Civile

Per il pagamento dell'imposta di registro non dovuta il legale non può rivalersi sulle altre parti

Per la Cassazione, sentenza n. 19228 depositata oggi, mancando il presupposto dell'imposta mancava anche la solidarietà

di Francesco Machina Grifeo

L'avvocato che paga per intero l'imposta di registro non dovuta perché il valor della causa è inferiore a 1.033 euro, non può poi pretendere la restituzione pro quota da parte di pretesi obbligati solidali. Lo ha chiarito la Corte di cassazione, sentenza n. 19228 depositata oggi e segnalata per il "Massimario", affermando che mancando il presupposto dell'imposta mancava anche la solidarietà.

Nel 2011 il ricorrente chiese ed ottenne, dal Giudice di pace di Serra San Bruno, vari decreti ingiuntivi nei confronti di Enel Distribuzione s.p.a. (poi "E-Distribuzione) per aver patrocinato una pluralità di persone, in vari procedimenti (anche nei confronti di una terza società). I giudizi si conclusero poi sfavorevolmente in grado di appello, tuttavia siccome il legale aveva sempre chiesto la distrazione delle spese di lite in suo favore, ritenne per errore di essere obbligato in proprio al pagamento delle spese di registrazione delle sentenze e vi "provvide di tasca propria". Avvedutosi dell'errore, chiese all'Enel la rifusione di un terzo, sul presupposto che le spese di registrazione, gravanti in solido su tutte le parti del giudizio, dovessero ripartirsi in parti uguali tra le (tre) parti di ogni giudizio.

L'Enel si oppose, e il Giudice di pace di Serra San Bruno, nel 2012, gli diede ragione "ritenendo che le sentenze pronunciate all'esito di giudizi di valore non eccedente euro 1.033 non fossero soggette a spese di registrazione", dunque l'avvocato nulla aveva a pretendere. La sentenza fu appellata dal soccombente e il Tribunale di Vibo Valentia nel 2019 dichiarò il ricorso inammissibile.

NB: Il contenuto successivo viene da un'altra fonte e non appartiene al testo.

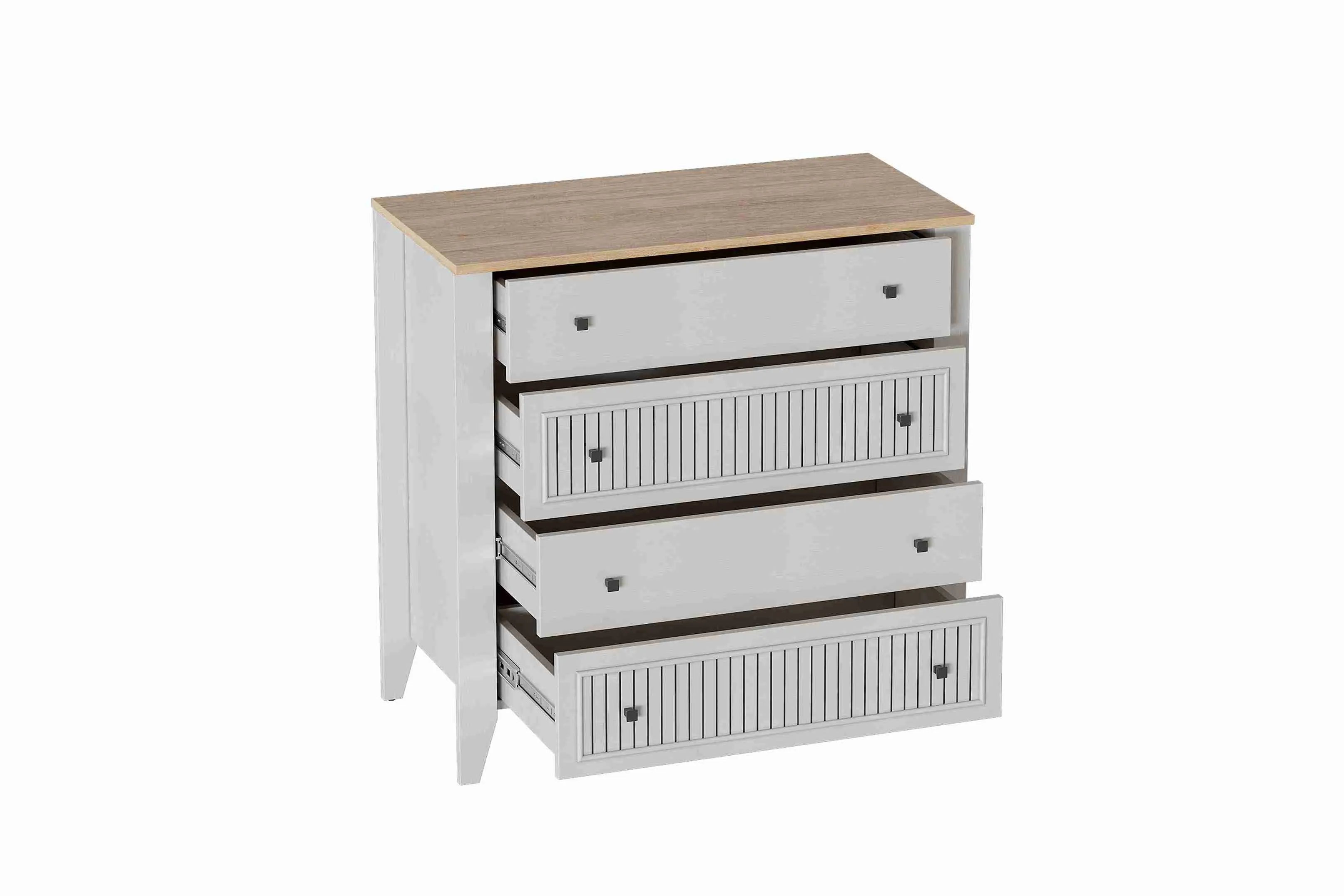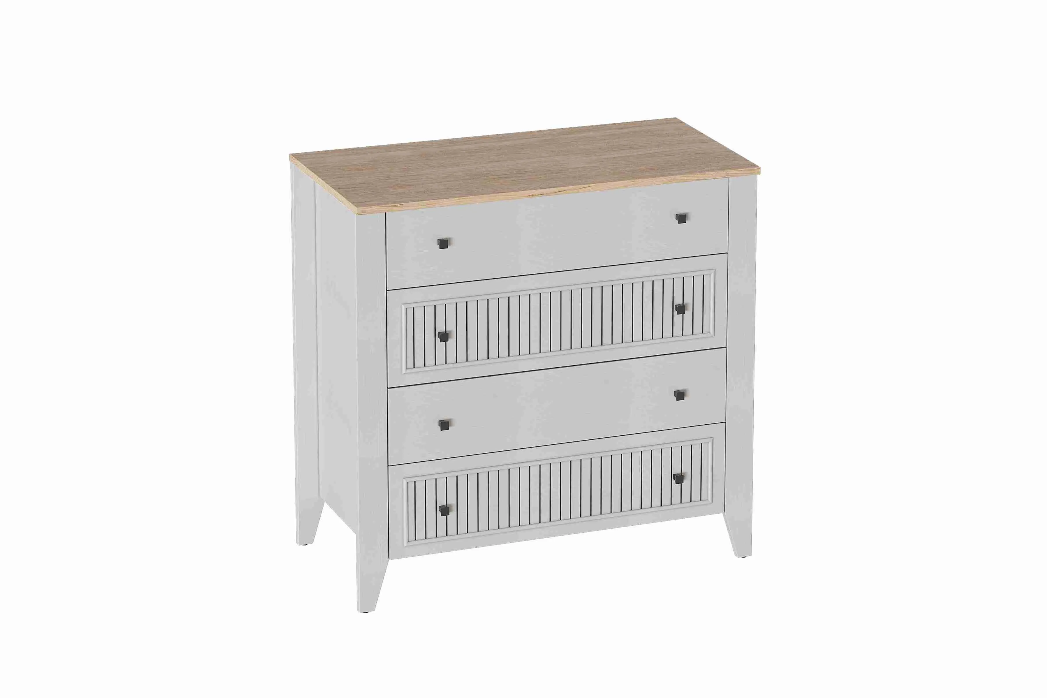 Комод с 4 ящиками Валенсия выполнен из (ЛДСП) в комбинации Дуб натуральный светлый / Персидский жемчуг.

Proposto nuovamente ricorso, la Cassazione l'ha definitivamente bocciato. La controversia, spiega la VI Sezione civile, "scaturisce dal pagamento, eseguito da parte dell'odierno ricorrente, di quanto richiesto dall'erario a titolo di imposta di registro" sul presupposto del deposito di numerose sentenze pronunciate in grado di appello. "Tale presupposto d'imposta tuttavia era insussistente: questa Corte, infatti, ha stabilito che le sentenze di valore inferiore ad euro 1.033 non sono soggette ad imposta di registro, a nulla rilevando che esse siano state pronunciate in primo grado o in appello".

Avendo pagato un indebito, l'avvocato ricorrente "non poteva pretenderne la restituzione pro quota da parte di pretesi coobbligati solidali: infatti, mancando il presupposto dell'imposta, mancava per ciò solo la solidarietà e, con essa, il diritto di regresso ex art. 1299 c.c.". Correttamente, dunque, prosegue la Cassazione, il Tribunale ha ritenuto che il legale non "avesse titolo" per pretendere dall'Enel il pagamento richiesto col ricorso per decreto ingiuntivo.

Né, conclude la decisione, a diverse conclusioni sarebbe potuto pervenire il Tribunale, se avesse esaminato le censure rimaste assorbite. Infatti: 1) "il difetto di titolarità attiva dell'obbligazione è rilevabile d'ufficio, sicché in nessun vizio di ultrapetizione incorse il Giudice di pace, allorché ritenne non dovuta l'imposta di registro sulle sentenze conclusive di giudizi di valore inferiore a 1.033 euro"; 2) nessuna domanda di "ingiustificato arricchimento" era ammissibile nei confronti dell'Enel in sede di opposizione a decreto ingiuntivo: sia perché, non essendo dovuta nessuna imposta, nessun "arricchimento" l'Enel poteva aver conseguito per effetto del pagamento indebito; sia perché nel giudizio di opposizione a decreto ingiuntivo l'opposto, rivestendo la posizione sostanziale di attore, non può avanzare domande diverse da quelle fatte valere con il ricorso monitorio (salvo il caso in cui, per effetto di una riconvenzionale formulata dall'opponente, egli si venga a trovare, a sua volta nella posizione processuale di convenuto).